After touching $1,406 briefly on Monday morning and running even higher amid the Syrian crisis, bullion has recovered more than $200 since the end of June, when prices hit three-year lows of $1,180 amid talk that funds were being forced to sell to meet client redemptions. On Aug. 9, the yellow metal's breakout of its "handle" coincided with its breach of its 50-day moving average, indicating gold had bottomed and hedge-fund managers could aggressively buy back their gold positions, Sarhan said.
Next momentum target: 200-day moving average
With gold now trading above its 50-day moving average and below its 200-day moving average, the 50-day is heading for a break above the 200-day, a significant bullish formation known as "golden cross" which would suggest the metal's momentum is growing..
Rick Bensignor, head of trading strategies at Wells Fargo Securities, is watching for it to break the 200-week moving average around $1,471. "I can't say it's out of the woods yet. Technically it's too early to necessarily say that this is anything more than a short-term bounce in a somewhat negative market," he said.

More bullish on gold is 
Citi futures specialist Sterling Smith. "Momentum has shifted in gold," he said. "Gold is very much a momentum-oriented market, and after months and months of downward (motion), we've finally seen momentum turn positive. … We're coming into a good seasonal time of the year. We're getting past the summer doldrums and the market should be able to pick up a little bit. Along with this we should see some good buying coming from India, and I think we're going to see improved Asian buying, so the physical market should be able to improve a little bit. I think we can probably take the market above $1,500. I think if we can get above that, taking the market above $1,600-$1,625 by the end of the year is not out of the question." 
Trend is your friend: Stocks weak, gold strong

"A lot of time gold historically performs very well between the months of July and October," 
agreed Greywolf technicianMark Newton. "Gold's been trending up for the last couple of months. … The target I have is right near $1,525, which is the area where gold broke down from early in April, and so that's a decent target. Gold might be a better place to invest than stocks, I think, over the next couple of months. The trend in stocks has been shaky to say the least really since the beginning of August. … We're in a seasonably weak time for stocks, and gold is in a bullish-type season."
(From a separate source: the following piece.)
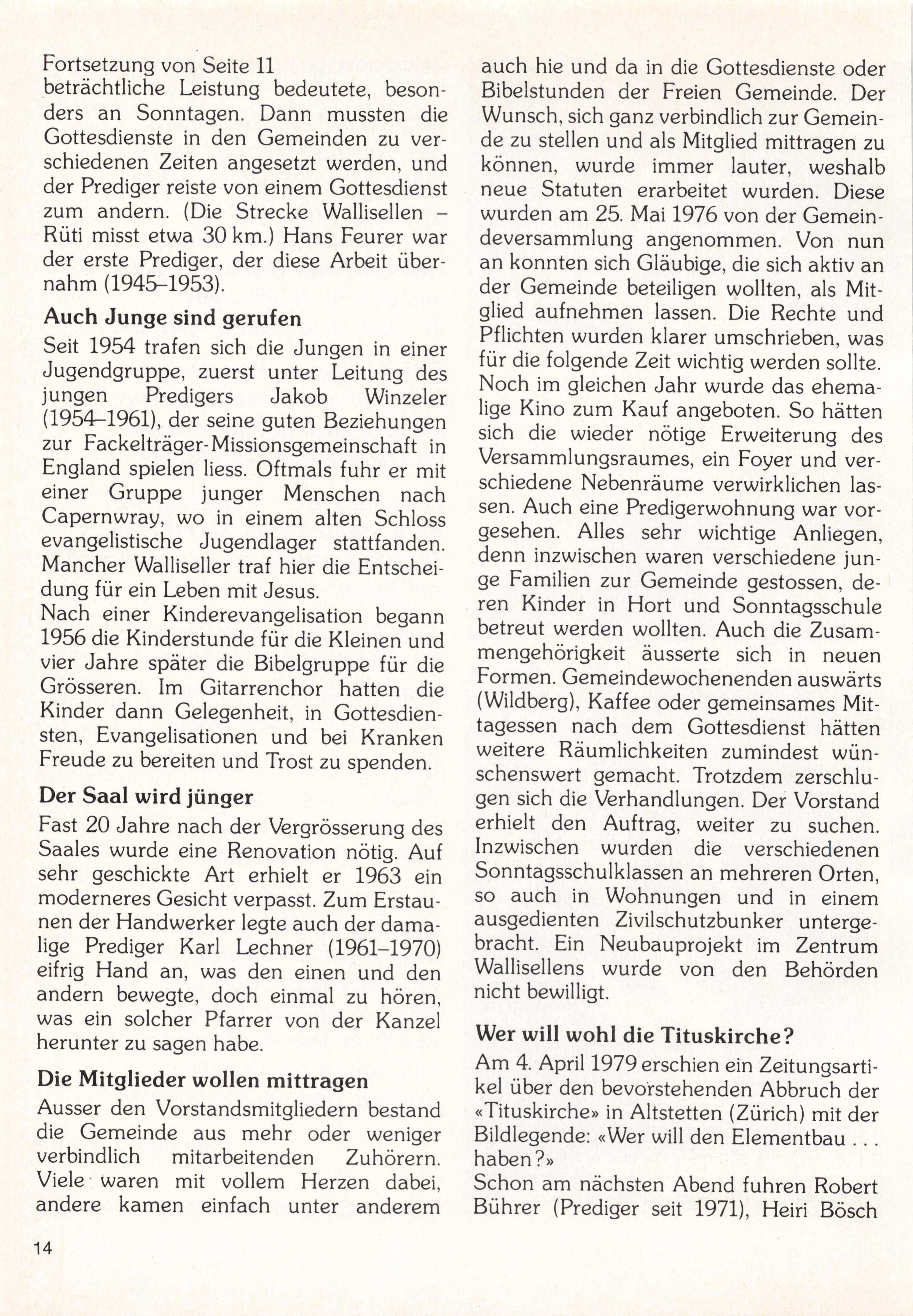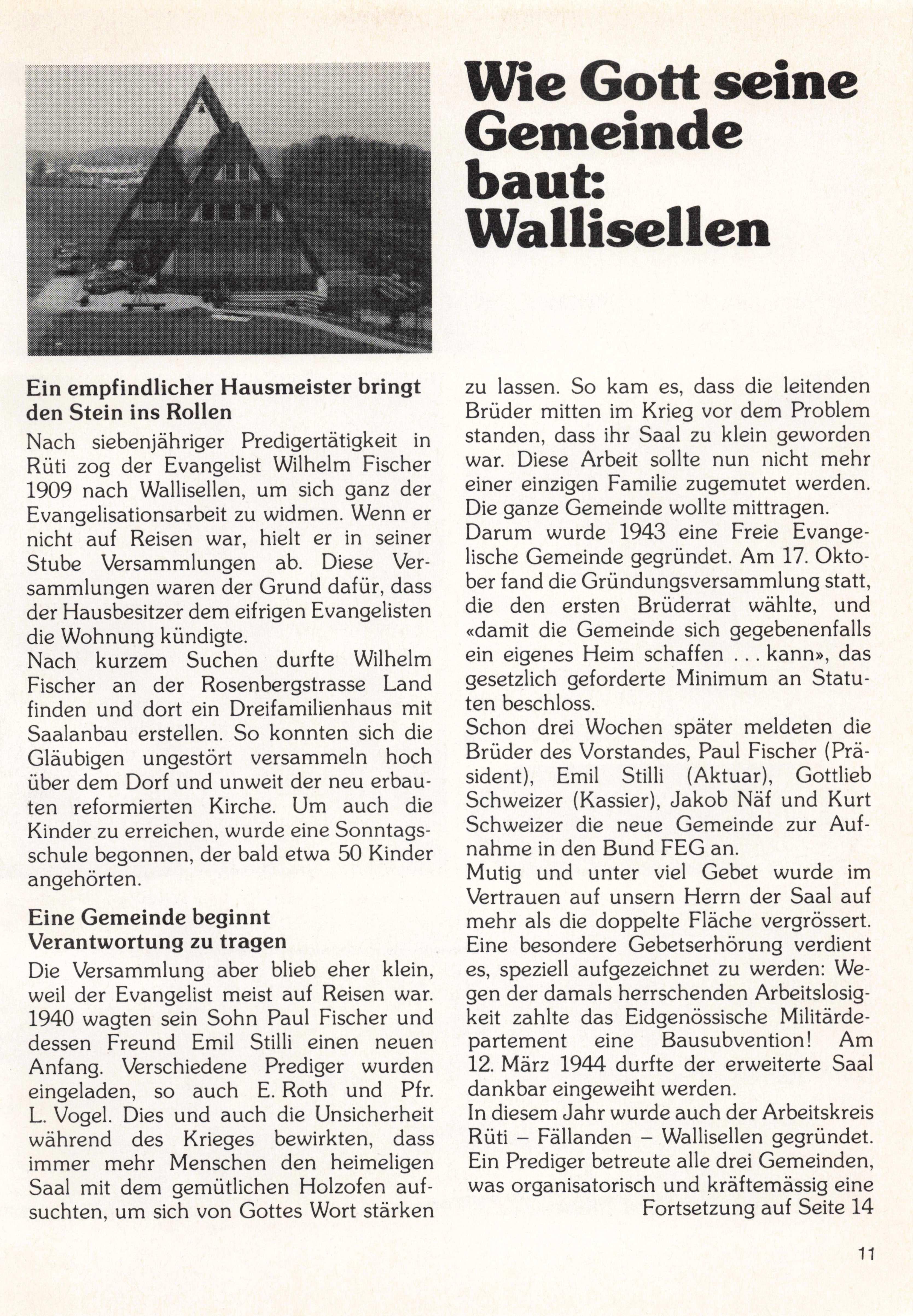 An der Delegierten-Konferenz des Bundes der Freien Evangelischen Gemeinden in der Schweiz vom 29. Oktober 1983 in Winterthur wurde unsere Gemeinde (vor mals Evangelische Missionsgemeinde, EMG) einstimmig in den Bund der FEG aufgenommen. Seit der Gründung der EMG im Jahre 1956 dienten der Gemeinde Brüder und Prediger im Nebenamt. Der Älteste und Mitgründer Paul Roth be schreibt den damaligen Auftrag wie folgt: «Von Anbeginn war uns klar, dass wir nicht einfach eine neue, nur auf sich bezogene Gemeinde bilden wollten, sondern beson ders die Mitverantwortung für die Aus sendung und Mitunterstützung von Missio naren zu übernehmen bereit waren. Im Laufe der Jahre wuchs die Verbindung zu 20 Missionsgeschwistern, teils zur EMG gehörend, teils befreundet, die in aller Welt ihren Auftrag erfüllen. Wir sind heute hundert Gemeindeglieder und eine Anzahl treuer Freunde aus Zürich sowie der nähe ren und weiteren Umgebung.»

Also adding fuel to gold's fire is a growing awareness of the fiscal fight looming in Washington starting in September, a situation underscored Monday 
in a letter sent to Congress by Treasury Secretary Jack Lew. In it, he urged lawmakers to raise the debt ceiling to to allow the government to borrow more money, saying it could default on its obligations if they don't act by Oct. 15.
"Act as soon as possible" on debt ceiling
"Congress should act as soon as possible to protect America's good credit by extending normal borrowing authority well before any risk of default becomes imminent," Lew wrote. "If investors should become unwilling to loan the United States money, the United States could face an immediate cash shortfall," Lew said.

By mid-October, Treasury would be left to fund the government with "only the cash we have on hand on any given day," now estimated to be about $50 billion.

"Operating the government with no borrowing authority, and with only the cash on hand on a given day, would place the U.S. in an unacceptable position," Lew 
said. "A cash balance of approximately $50 billion would be insufficient to cover net expenditures for an extended period of time."

Since May, Treasury has been using extraordinary accounting measures to avoid hitting the debt limit, but these tools will be exhausted around October 15, Lew said.

The revised timeline puts more pressure on lawmakers and the White House to find a way to increase the $16.7 trillion debt ceiling.

If the debt ceiling isn't raised, the country could face a rerun of the financial crisis that shook the nation in the summer of 2011, when 
Standard & Poor's took the unprecedented step of downgrading the U.S. credit rating. Gold later shot up to its all-time nominal high above $1,920 an ounce.